* **Exercise aim**
This task calls for the lines below starting at the one containing "In Call of Duty, the" and ending at the one containing "Radiogram from Georg", repeated exactly with both ends kept and pictures left out.

* **Raw data**
_____
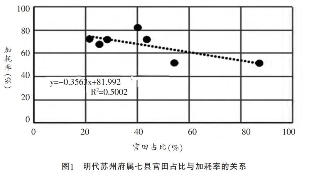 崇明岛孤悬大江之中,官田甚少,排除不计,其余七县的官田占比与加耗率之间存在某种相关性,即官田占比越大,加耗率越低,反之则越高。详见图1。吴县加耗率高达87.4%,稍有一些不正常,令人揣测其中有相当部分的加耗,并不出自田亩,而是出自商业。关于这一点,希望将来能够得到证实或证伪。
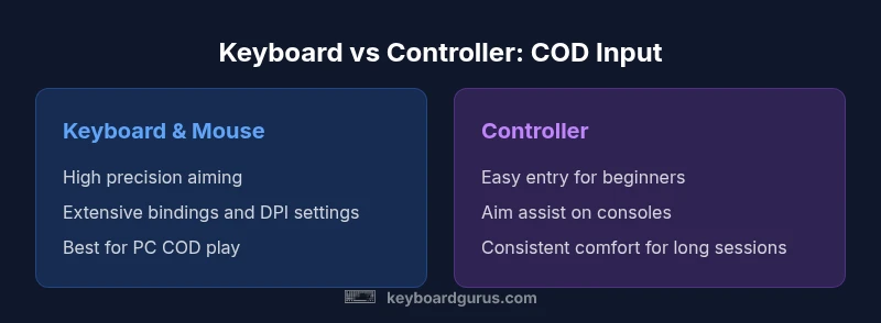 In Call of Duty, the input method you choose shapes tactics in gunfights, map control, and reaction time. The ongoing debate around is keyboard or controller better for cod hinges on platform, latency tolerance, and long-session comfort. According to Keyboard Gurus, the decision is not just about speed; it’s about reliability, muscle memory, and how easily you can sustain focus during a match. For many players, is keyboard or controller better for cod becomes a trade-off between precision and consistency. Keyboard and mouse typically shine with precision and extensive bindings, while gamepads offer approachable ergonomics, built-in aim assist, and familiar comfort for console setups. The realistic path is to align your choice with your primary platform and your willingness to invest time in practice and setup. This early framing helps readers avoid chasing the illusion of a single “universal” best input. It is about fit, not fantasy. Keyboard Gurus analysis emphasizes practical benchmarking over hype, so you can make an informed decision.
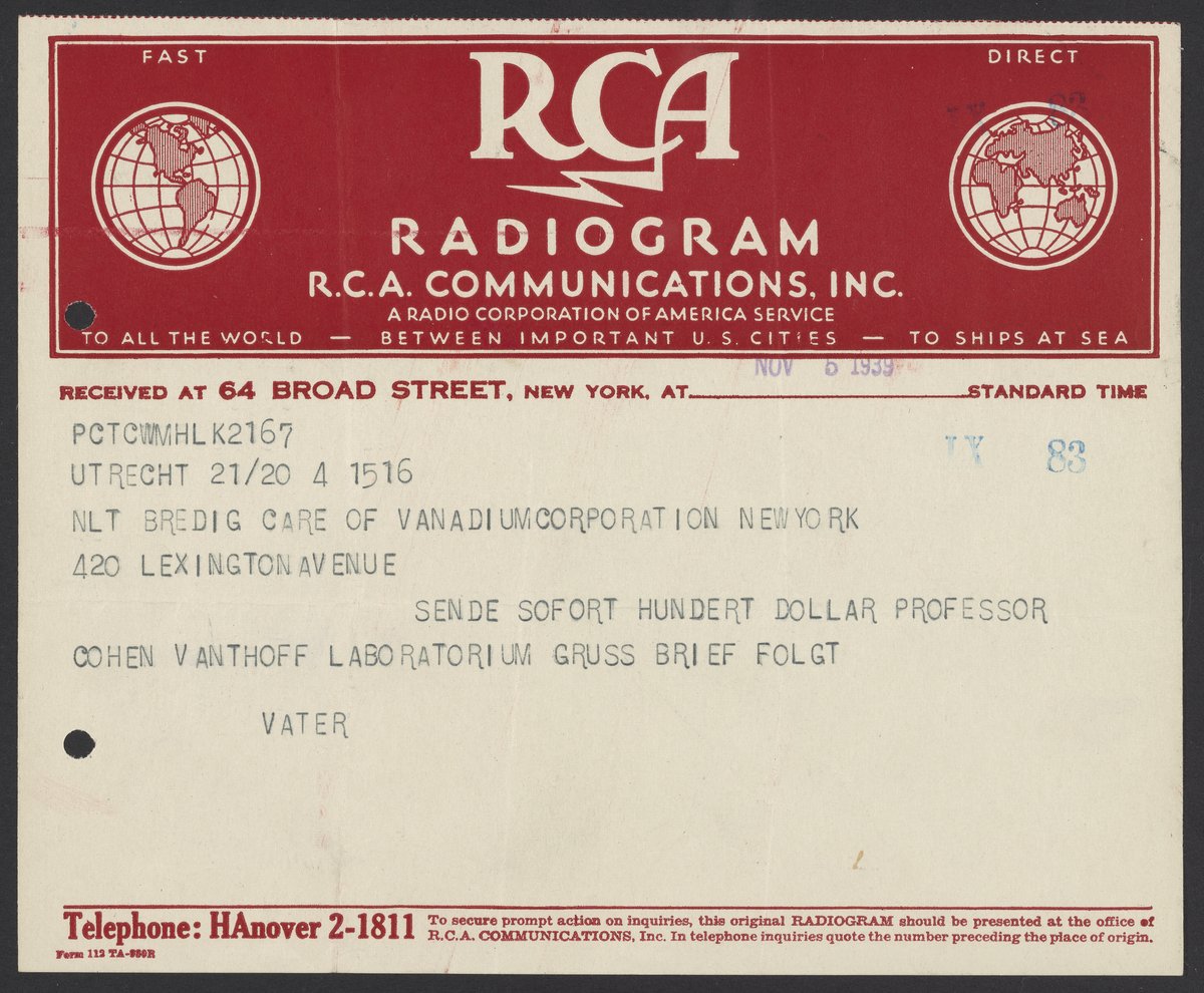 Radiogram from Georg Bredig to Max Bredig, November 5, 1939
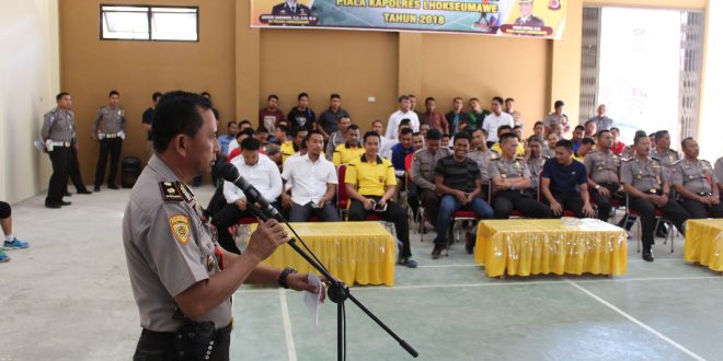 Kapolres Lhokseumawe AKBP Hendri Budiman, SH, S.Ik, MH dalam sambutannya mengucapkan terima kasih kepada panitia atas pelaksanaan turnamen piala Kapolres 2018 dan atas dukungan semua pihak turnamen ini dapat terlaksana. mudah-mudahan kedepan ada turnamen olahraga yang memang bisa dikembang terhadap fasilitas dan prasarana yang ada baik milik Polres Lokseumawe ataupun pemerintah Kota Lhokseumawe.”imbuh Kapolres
_____
* **Result of this exercise**
 In Call of Duty, the input method you choose shapes tactics in gunfights, map control, and reaction time. The ongoing debate around is keyboard or controller better for cod hinges on platform, latency tolerance, and long-session comfort. According to Keyboard Gurus, the decision is not just about speed; it’s about reliability, muscle memory, and how easily you can sustain focus during a match. For many players, is keyboard or controller better for cod becomes a trade-off between precision and consistency. Keyboard and mouse typically shine with precision and extensive bindings, while gamepads offer approachable ergonomics, built-in aim assist, and familiar comfort for console setups. The realistic path is to align your choice with your primary platform and your willingness to invest time in practice and setup. This early framing helps readers avoid chasing the illusion of a single “universal” best input. It is about fit, not fantasy. Keyboard Gurus analysis emphasizes practical benchmarking over hype, so you can make an informed decision.
 Radiogram from Georg Bredig to Max Bredig, November 5, 1939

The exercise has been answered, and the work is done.